Thankfully, at least the M1 and MacOS aren't as bad now as the CPUs and MacOS were back in the 90's. But that attitude that only the benchmarks that perform best on Apple hardware should be used appears to still be there.
It's still a relatively new CPU, it's fine if sites benchmark applications that haven't been ported and optimized for the M1 yet, because you know there are still people that use those applications and will continue to use those applications until there's a optimized version for M1.
Obviously as applications get ported and optimized, the earlier reviews will become less relevant, but it would be a disservice by some sites to hold off on showing performance on some applications just because at some nebulous time in the future a ported and optimized version of that application might exist.
Regards,
SB
Reasonable benchmark can and should* include things Apple chips have problems with.
*they do exist in apps people use, thus, should
These are all good points.
We should also include widely used apps, which are not particularly well optimised for macOS/M1, in reviews of the M1. But motivations for why they're included and a disclaimer that performance tanks due to a lack of software optimisation should be made clearly. Conversely, in reviews of x86/Nvidia/AMD products, we should also include widely used macOS apps which are typically more performant on macOS/M1. Consistency requires that treatment be applied in both directions.

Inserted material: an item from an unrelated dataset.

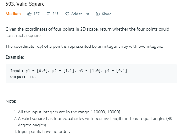 其实,我刚开始考虑复杂啦,参考@Grandyang的思路。细想一下,点的位置确不确定并不会影响我们判断正方形,我们只需要知道四条边的长度和两条对角线的长度即可。 所以,可以计算出这四条边的长度和对角线的长度,然后利用set集合去重复性的特性,判断最后是否只有两个元素即可,只需注意有重合点存在(不存在0)。

Secondly, my main issue with the LTT review is the lack of distinction between hardware limitations and software limitations. If an RTX 3080 performs like an RTX 3050 due to crappy drivers or unoptimised software, then a review should clearly state "due to software bottlenecks, the RTX 3080 and 3050 perform identically". Making a sweeping generalised statement like "The RTX 3080 is equivalent in hardware performance to an RTX 3050 because our benchmarks say so" is factually incorrect. Proper review sites like LTT, GN, HUB, DF, and so on have the tools and indeed the expertise to make this distinction, and so they should. I shouldn't have to refer to an Apple fanboy channel like MaxTech for some basic facts and clarity when it comes to hardware performance.